"I'm doing some hardware for your boss, it looks like." The Finn fished a pack of Partagas from a pocket and lit one. The smell of Cuban tobacco filled the room. He crossed to the worktable and glanced at the Ono- Sendai. "Looks stock. Soon fix that." -William Gibson, Neuromancer
I built this for one purpose: to explore the brave new world of "virtual reality". Originally I was going to buy a Syber Vapor console style computer for my VR deck, but decided that I wanted to build my own, even though it ended up being significantly more expensive this way (mostly due to a sale at cyberpower).
Case: I settled on the Node 304 because it was a good compromise between level of difficulty of build, thermal characteristics, and small size. I also considered the Lian Li TU200b but it would have been more difficult to work in, and was difficult to find a few weeks ago, and probably would have run hotter. The 304 is a nice case with good thermal characteristics and a handy fan control switch. I did have to RMA the psu extender that comes with the case, but Fractal Designs sent me a new one quickly. There are a few things that I don't like about the case. Despite its size, it doesn't really have the feel of something designed for portability. For example, the vent pop out rather easily if you are moving it around much. Another thing about it is that the PSU chords come into contact with the GPU backplate, which is mostly just a result of having a huge GPU in a small system. This isn't really a problem except possibly for thermal flow if you are overclocking. One solution to this would be to get a SFX PSU, but these tend to be lower wattage and less reliable, so either way, overclocking your GPU in this case may be somewhat challenging.
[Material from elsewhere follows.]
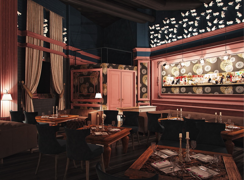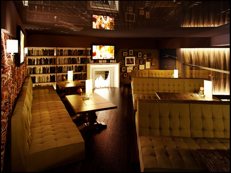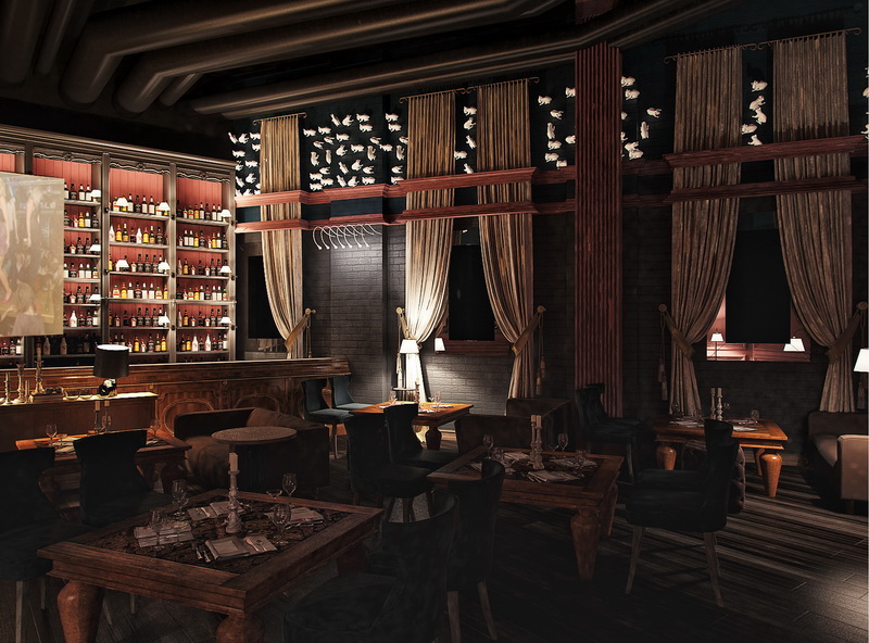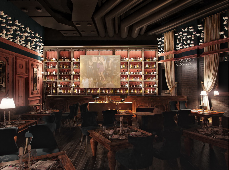 Экстрим-бар оформлен в стиле английской библиотеки. Архитектурный оксюморон (шум бара и тишина библиотека), ставший основой интерьера, напоминает, что периодическое сбрасывание груза социальных ролей – это профилактика душевных расстройств и проявление фундаментальной потребности личности в свободе.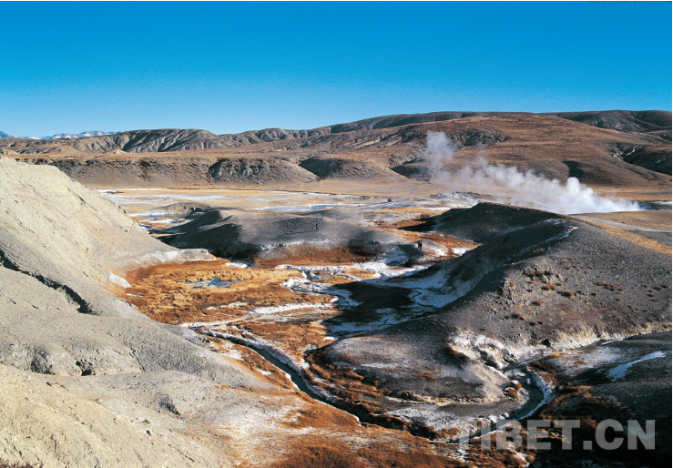 羊八井熱水湖。這個(gè)熱水湖應(yīng)當(dāng)源于歷史上的一次大規(guī)模水熱爆炸,再由地下熱水補(bǔ)充而成。羊八井熱田開(kāi)發(fā)后,地下熱水的水位下降,壓力減小,致使熱水湖漸趨干涸。

GPU: I considered going with the Zotac Amp! Extreme version of the 980 ti but I realized that it was too wide due to its extra large heatsink and fans. The EVGA Classified version that I selected is about as large a GPU as you can fit in this case without risking damaging either the PSU cords or the card. You can actually see the motherboard sag in a picture above :). It is a bit fiddly to get in and out but not too bad. The EVGA classified version seems to overclock fairly well despite the thermal limitations imposed by a small case. I am able to get it up to about 1460 mhz. I would be curious to see if a blower style 980 ti would fair better thermally. This card is very quiet with the fans not even turning on for most games under stock settings.
PSU: The 750 watt cooler is the smallest of its power rating, and it may be the only 750 watt cooler than will enable a 980 ti sized GPU in the Node 304. It may be overkill, but you know what they say about cheaping out on PSUs. This PSU was making a scraping sound when the fan turned on, and it took me a while to figure out it was the psu fan that was making the sound because it only turns on under very high loads. When I took it out of the case and reinstalled it, it stopped, so there must have been something that was brushing up against the fan.
Cooler: I copied the user "paintedcow" for the cooler selection, and I like the performance. It's very quiet, and I am able to overclock to 4.6 ghz at least (I haven't tried higher) with the temps staying below 70 on realbench.
Conclusions All in all, it was a fairly easy build, though the size makes it a bit more difficult, which means you will want to put things together in a logical order. Don't wait to plug in the tiny front panel power switch/hdd light/pwr light pins till you have everything else connected, like I did.
Though this chip struggles to differentiate itself from the 5820k when both are overclocked, the z197 is the more economical chipset for gaming purposes. I'm able to overclock to 4.6 ghz easily on air.
The motherboard has been good. It supposedly has high end audio including discrete DAC and headphone amplifiers, and although I am not extremely impressed with the quality when it is driving my high end planar magnetic headphones, it's probably better than my macbook's sound card. I had to update the motherboards BIOS in order to drive my ram at the advertised 2800 mhz.